I reckon all in all I have made about £140 so far out of this from the scrappy , this has cleared up much needed space , and seeing as I didn't invisage making a penny out of this it was a rather nice supprise! :mrgreen: 
I'll have a go at getting some pictures up afterwards!
All the best and kind regards , 
Chris


----------



## joem (Oct 22, 2011)

Great job Kuma.
It's how I started and I am running out of room in my garage every week now.


----------



## rewalston (Oct 22, 2011)

At least you have a garage  I have one of those portable sheds. Aluminum poles with rubberized canvas on all sides. REALLY cold in that shed let me tell ya. 

Rusty


----------



## kuma (Oct 24, 2011)

Hi guy's , how are tricks ?
I hope all is well!  
Sorry , I've been unable to get online properly for the last couple of days , my daughter sat on my usb internet dongle when it was plugged into my laptop and 'snapped' a few contacts (6!) inside. I've just managed to get it working properly with a piece of a plastic Lego ariel , some insulation tape , a few hairs of copper wire , a sharpened precision screwdriver , and microscope , and more patience than I ever thought I could muster with somthing so intricatly small!  
I'm about ready to reclaim the space behind my bar/deck booth now , all the cases are empty and ready for Mr.
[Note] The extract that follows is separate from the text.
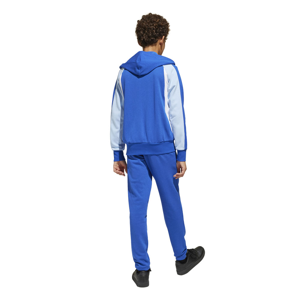Mostra il tuo stile sportivo con questa tuta adidas junior. La struttura in spugna assicura la morbidezza e il comfort necessari per affrontare qualsiasi sfida. Il motivo colorblock e i piccoli 3 Bar Logo aggiungono un dettaglio che si abbina perfettamente a sneaker e ciabatte.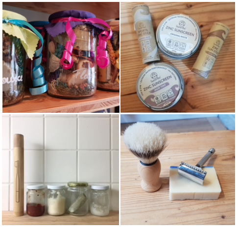 Savons, gels douche, savon rasage, rasoirs, brosses à cheveux, cups féminines, protections hygiéniques, des bases pour faire ses produits cosmétiques maison (huiles végétales, hydrolats) ... en vrac ou non emballé quand c'est possible !

Scrappy!
Were supposed to be moving home soon , at the minute there's five of us in a 2 bedroom maisonette , and even though theres a lovely public park and a beach a stones throw away , we have no private garden for me to even crack on with my fingers in AP.
I have friends and family with gardens , but I can't wait to get our own place with a garden , I've already designed my garden shed lab in my mind , right down to security arrangements , I.P. camera , motion sensor with alarm ect. 
Must start that 'saving' thing at some point! :mrgreen: 
Heres a couple of links to some pictures of both the fingers from just off of the motherboards alone , and also all of the contacts from the cut-off switches ;

http://tinyurl.com/5snzgto


http://tinyurl.com/6dwuvs3

Many thanks for the replies all!
All the best and kind regards, 
Chris


----------